Privacy Policy

Last updated: 17/07/2026

This Privacy Policy is maintained by Coinly and explains how we handle personal data on coinlyfinance.com (the "Service"). It supplements our Terms of Service, Cookie Policy, Data Processing Addendum, and Acceptable Use Policy.

1. Who we are (Controller)

Coinly is the data controller for personal data processed about account holders. For data you enter about other people (e.g. shared-asset members, suppliers, household members), you are the controller and Coinly acts as your processor under the DPA. Contact: privacy@coinlyfinance.com.

2. Scope

This policy covers the Coinly web app, mobile/PWA experience, marketing site, support channels, and APIs. It does not cover third-party services you choose to connect (e.g. your bank, Google Drive, Microsoft OneDrive) beyond what we receive from them.
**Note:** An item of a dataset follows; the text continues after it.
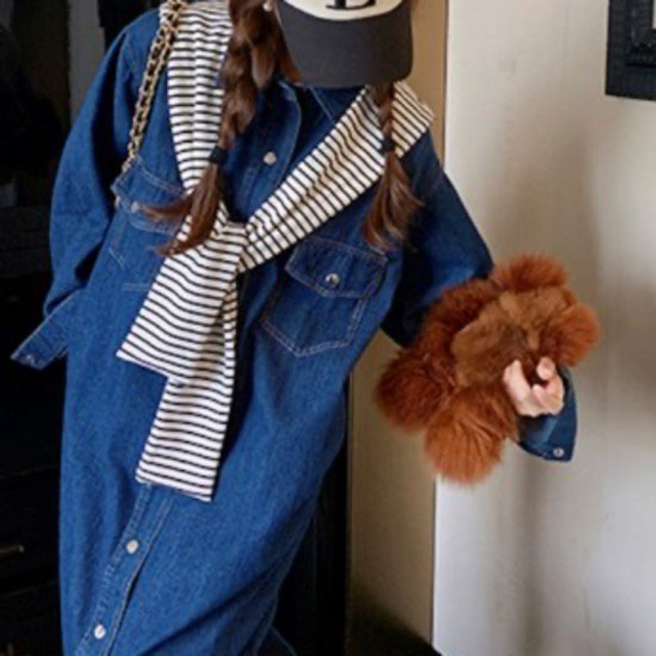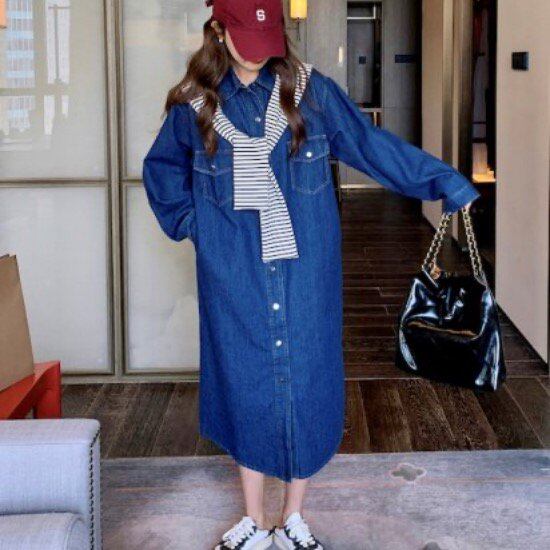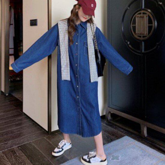 デニムシャツワンピース レディース デニムシャツワンピ デニムワンピ ミディアム丈 ショールデザイン おしゃれ ミモレ丈 長袖 ボタン付き デニムシャツワンピース レディース デニムシャツワンピ

3. Personal data we collect

  • Account data: email, display name, password hash, auth tokens, optional MFA secrets and recovery codes.
  • Financial data you enter: assets, accounts, transactions, categories, suppliers, budgets, reconciliations, warranties, notes, attachments.
  • Bank-sync data (PSD2): when you link a bank via Enable Banking, GoCardless Bank Account Data, or Salt Edge, we receive account identifiers, balances, and transactions for accounts you authorise.
  • Receipts & documents: images and PDFs you upload, plus AI-extracted metadata (merchant, date, total, line items, suggested category).
  • Cloud-backup data: if you connect Google Drive or Microsoft OneDrive, OAuth tokens (encrypted at rest) and the backup files written into your own Drive.
  • Support content: chat messages, feedback, screenshots, and attachments you send us.
  • Technical & security data: IP address, user agent, approximate country (from request headers), device and session identifiers, page visits, CSP violation reports, and administrative audit logs.
  • Billing data: handled by our payment processor; we receive subscription status and the last four digits of your card. We do not store full card numbers.
  • Cookies & local storage: see our Cookie Policy.
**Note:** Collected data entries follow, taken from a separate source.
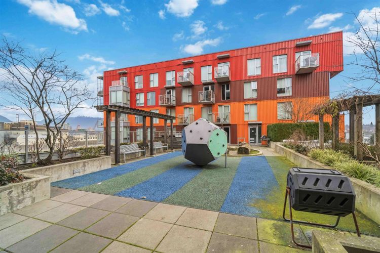 Welcome to Strathcona Village, your contemporary urban oasis in the heart of East Vancouver! This sleek 1bed home unit offers the most efficient layouts w/ no wasted space, enhanced by floor-to-ceiling windows that flood the home w/ natural light while enjoying the city & mountain views on your private balcony. Enjoy stylish laminate flooring, a modern open-concept chef's kitchen featuring stone countertops, contemporary cabinetry, Sonetto double sink, & s/s appliances, + a spa-inspired bathroom complete w/ a deep soaker tub for ultimate relaxation. Residents enjoy exclusive amenities such as lush landscaped rooftop gardens w/ BBQ areas, resident lounge, a fully equipped fitness centre & more! Short term rentals are allowed such as Airbnb. OPEN HOUSE Sat Feb 14th 1-3pm
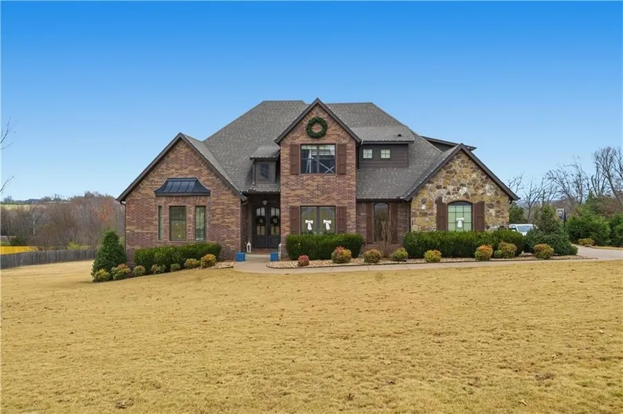 Charming home on 1.59 acres in picturesque Sassafras Wine Country! Perfectly positioned between Fayetteville and Springdale, this home offers an upscale yet relaxed lifestyle where country living meets everyday convenience. You are welcomed into the home with rich hardwood floors, lofty ceilings, and large, bright, open living spaces. The eat-in chef's kitchen features a large marble island & countertops, shiplap ceiling, two pantries, and plenty of room for gathering. Formal dining & living rooms, office, laundry, and primary suite are located on main level. Upstairs you'll find a second primary suite, second laundry, two additional bedrooms, and large bonus room, wired for sound w/ wet bar. Step outdoors onto your east-facing covered deck that overlooks an evergreen-lined patio and park-like backyard. Enjoy peaceful surroundings and good neighbors just minutes from the hustle and bustl...
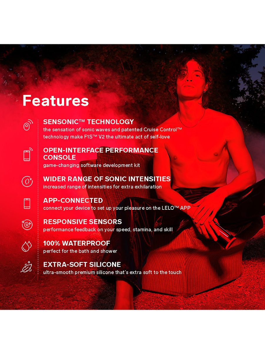With two powerful and intense motors, the F12 V2 Cruise Control and LELO's revolutionary SenSonic technology will stimulate your penis with deep and satisfying sound waves that provide a completely unique sensation.

We do not knowingly collect special-category data (e.g. health, biometrics) and ask that you do not upload it. If you do, you consent to our processing it solely to provide the Service.

4. How we use your data & legal bases (GDPR Art. 6)

  • Provide the Service — process transactions, generate reports, sync banks, run backups, render attachments. Legal basis: contract (Art. 6(1)(b)).
  • Optional AI features you trigger — receipt OCR, category suggestions, lifestyle categorisation, in-app chat. Content is sent to our AI Gateway and upstream model providers only when you initiate the feature. Legal basis: contract / consent.
  • Security, fraud and abuse prevention — rate limiting, MFA, audit logging, CSP reporting, HIBP password screening. Legal basis: legitimate interests and legal obligation.
  • Service communications — security alerts, billing receipts, policy updates. Legal basis: contract / legal obligation.
  • Product updates & marketing — only with your opt-in; unsubscribe anytime. Legal basis: consent (Art. 6(1)(a)).
  • Legal compliance — tax, accounting, lawful requests. Legal basis: legal obligation.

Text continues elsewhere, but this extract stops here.